- Born: January 14, 1949 (age 77)
- Education: Queens College, CUNY
- Occupations: Children's book author, illustrator
- Years active: 1978–present

= Diane Goode =

American children's book author and illustrator

Diane Goode (born January 14, 1949) is an American children's book author and illustrator. She has written several children's books and illustrated over 60, including New York Times bestsellers Founding Mothers and Ladies of Liberty and the Caldecott Honor Book When I Was Young in the Mountains (1982). Goode lives in Brooklyn, New York.

== Early life ==
Goode's mother was French and recited traditional children's stories from memory when Goode was a child. Goode enjoyed reading as a child, particularly works by Jane Austen and Wuthering Heights. She majored in Fine Arts at Queens College.

== Career ==
Before Goode supported herself as an illustrator, she worked for one year in New York City as a substitute teacher. Her first illustrated book was The Little Pieces of the West Wind in 1978, and the first book she authored was I Hear a Noise. Reviewing Goode's illustrations in Thanksgiving Is Here! (2003), the New York Times said that "Diane Goode's pen-and-ink drawings spin out like ragtime, each squiggle denoting a rustle of silk or a whoop or whisper."

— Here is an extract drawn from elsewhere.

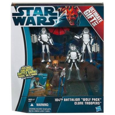 The formerly Walmart exclusive 104th Battalion "Wolf Pack" Clone Troopers Ultimate Gift Set is now available as an online exclusive at Hasbro Toy Shop for $29.99 each. The set includes Commander Wolffe, Plo Koon, Clone Trooper Sinker, and Clone Trooper Boost.

Goode produced new illustrations for a reissue of Noel Streatfeild's classic children's story Ballet Shoes in 1991. In 1994, Goode published Diane Goode's Book of Scary Stories and Songs. Goode has collaborated with journalist Cokie Roberts twice, illustrating the bestsellers Founding Mothers (2014) and Ladies of Liberty (2008).

Goode has taught book illustration at the University of California, Los Angeles.

== Artistic style ==
Goode creates her illustrations by hand rather than with a computer. She has three studios in her home, which she uses for different stages of a project.

Goode's artistic process changes for each project. For Founding Mothers, Goode worked on heavy water color paper, creating an outline in sepia ink, and then applying pastels with small, soft sponges and a tiny brush. For Ninja Baby she used watercolor on rough paper. Illustrations in The Best Mother combine pen illustration and watercolor.

== Awards and exhibitions ==
Goode has been awarded the Caldecott Honor.

== Personal life ==
Goode is married and has a son and two dogs.